In the UK, for example, many doctors have resorted to sharing patients’ scans over popular messaging apps such as WhatsApp and Snapchat, both tools many of us are familiar with and feel comfortable using for personal communications. While the purposes of sharing are often noble – getting a second opinion from an expert in the field or trying to move treatment along as quickly as possible to ensure a fast patient recovery – sharing images over these apps is careless and, sometimes, even dangerous to the patient.

Messaging apps such as those mentioned above are not password protected, which means that when a doctor’s phone is forgotten at a restaurant or stolen from her pocket, the person opening the phone has complete access to the messages sent via these messaging apps. There is no way to remotely delete the messages or scrub them clean (doctor pun intended). And while WhatsApp now offers end-to-end encryption on messages sent through the app, not all messaging apps offer this protection.

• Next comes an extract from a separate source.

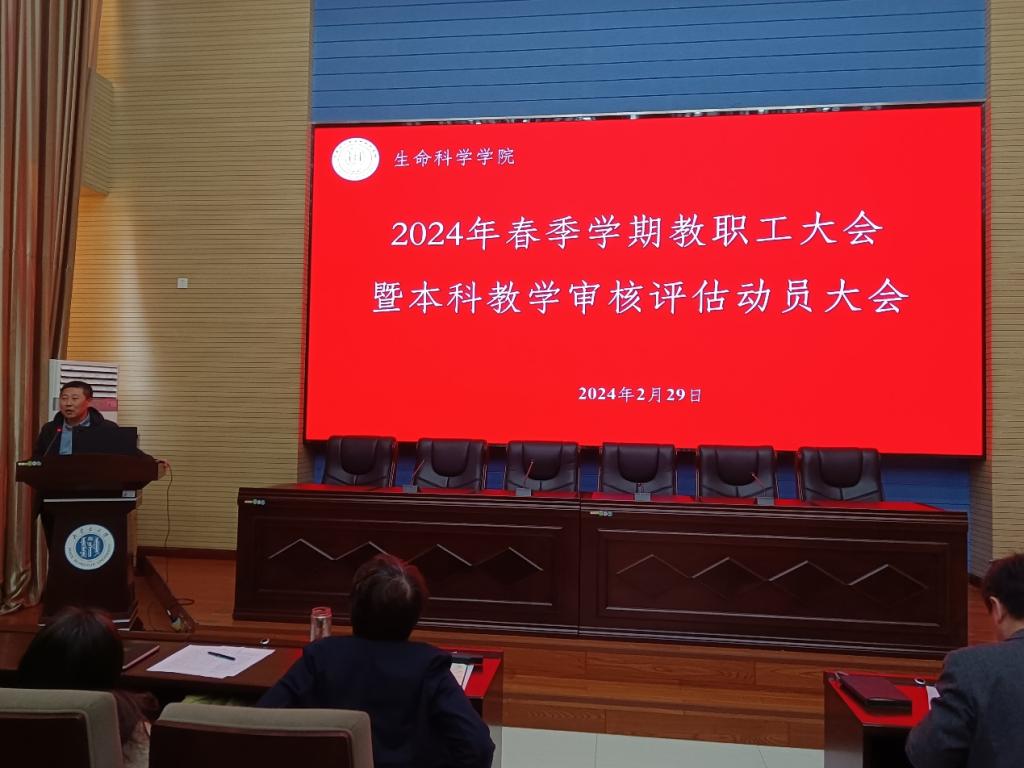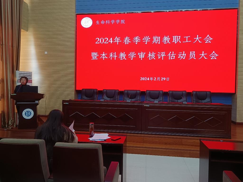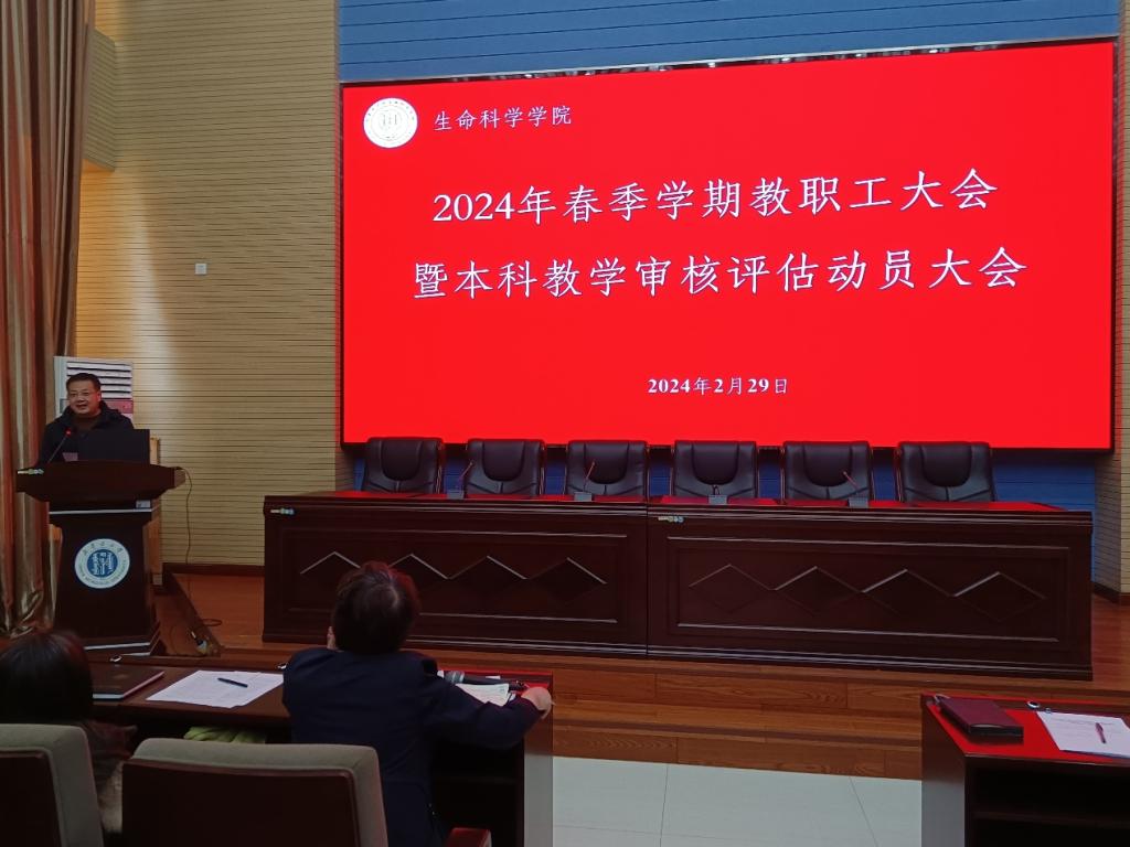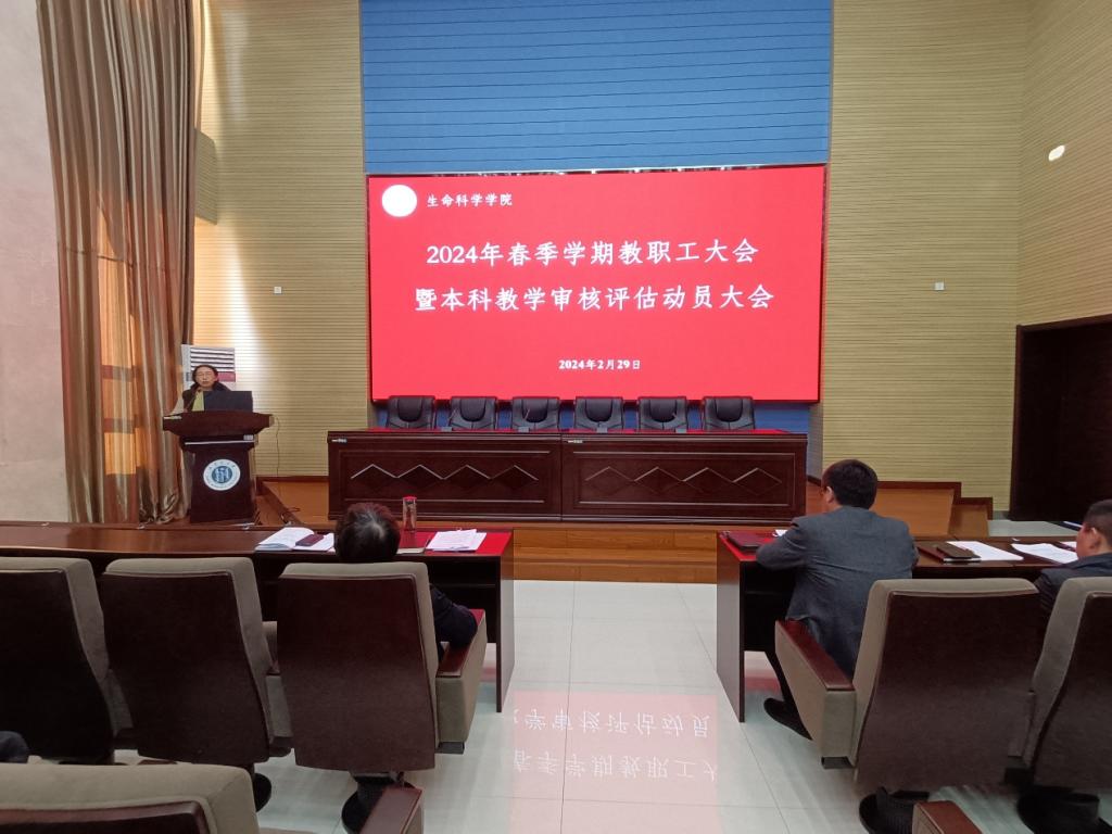 2月29日下午,生命科学学院在国重楼320会议室召开全院教职工大会暨本科教学审核评估动员大会,学院班子成员,全院教职工参加会议。会议由生命科学学院党委书记张慧荣主持。

Moreover, some doctors have pointed out that images sent over these messaging devices can be sent at lower quality than the original picture, resulting in less than optimal viewing of scans which could lead to missing important details. And since these messages are beings sent on messaging apps external to the hospital system, there is no one ensuring that identifying details, such as a patient’s name or contact information, is hidden in the images being sent.

The fact is that communication via messaging can help improve productivity in the medical industry but the messaging platform must be HIPAA compliant and ensure that all the information sent to colleagues is protected in every way. Moreover, all regulated industries including healthcare, finance, government, energy and more, should evaluate the electronic communications platforms used within their organization and determine whether such platforms are both secure, and more important, compliant with the regulatory bodies’ requirements that oversee them.